Hi to all,
i've a problem at the moment i can't find a solution to solve.
The situation is simple. I have various physical nics. On one or some of this i want to do a nat on virtual machines.
After i insert the specified NIC in (say) VMNet 2 i try to add the NAT to it but it say it alters the physical NIC.
Infact it change the ip of the physical NIC to xxx.xxx.xxx.1 in order to configure the private NAT.
But i can't do this because i have an assigned fixed IP on that NIC.
What i would expect would it asks me to define the private class behind the nat and automatically route internally
the packet from the class i define to the external physical ip on the nic i have, as any normal router-nat do.
In other term a public (nic ip that doesn't change) and a private (custom defined class) ip.
I thnk at the moment this is a VMWare limitation.
Can be a nat solution be implemented in future version in a manner like this?
Or else a solution to solve?
Thank you very much
Welcome to the forums!
If you want to do NAT, you just have to add a vNIC to the guest, type NAT (VMnet8). This is the predefined NAT network which is connected to all TCP/IP stacks of the host.
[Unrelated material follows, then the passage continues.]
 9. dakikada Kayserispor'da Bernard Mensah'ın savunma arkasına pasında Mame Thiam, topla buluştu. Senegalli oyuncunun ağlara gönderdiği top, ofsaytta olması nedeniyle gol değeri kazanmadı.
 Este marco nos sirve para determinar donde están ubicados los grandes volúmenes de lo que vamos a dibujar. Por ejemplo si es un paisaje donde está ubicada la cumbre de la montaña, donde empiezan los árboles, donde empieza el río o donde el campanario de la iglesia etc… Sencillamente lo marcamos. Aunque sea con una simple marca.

It already has a private IP address range and there's a DHCP server serving virtual machines with IP addresses (all assumed you didn't change the default).
AWo
VCP / vEXPERT 2009
Yes, i know this, but i would need to do "isolation" and to have a precise control over what and "on what" i nat what.
I think this would be a very elegant concept, but for the moment i'll stick with it.
Thank you for the reply
As far as I know you can't restrict VMware NAT to a single adapter.
AWo
VCP / vEXPERT 2009
why don't you use a small VM like m0n0wall to do custom NAT - services ?
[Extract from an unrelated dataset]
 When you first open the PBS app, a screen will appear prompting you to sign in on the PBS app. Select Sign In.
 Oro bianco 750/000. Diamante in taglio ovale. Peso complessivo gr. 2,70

Thats more stable and more customisable than the VMware buildin services
___________________________________
VMX-parameters- VMware-liveCD - VM-Sickbay
Well, i could as using other VMs firewall solution,
but i stil think that adding to vmware itself a simple configurable 1:1 nat feature would create an even more "reality resembling" representations of the virtual environment.
Anyway i'll stick with what's there right now.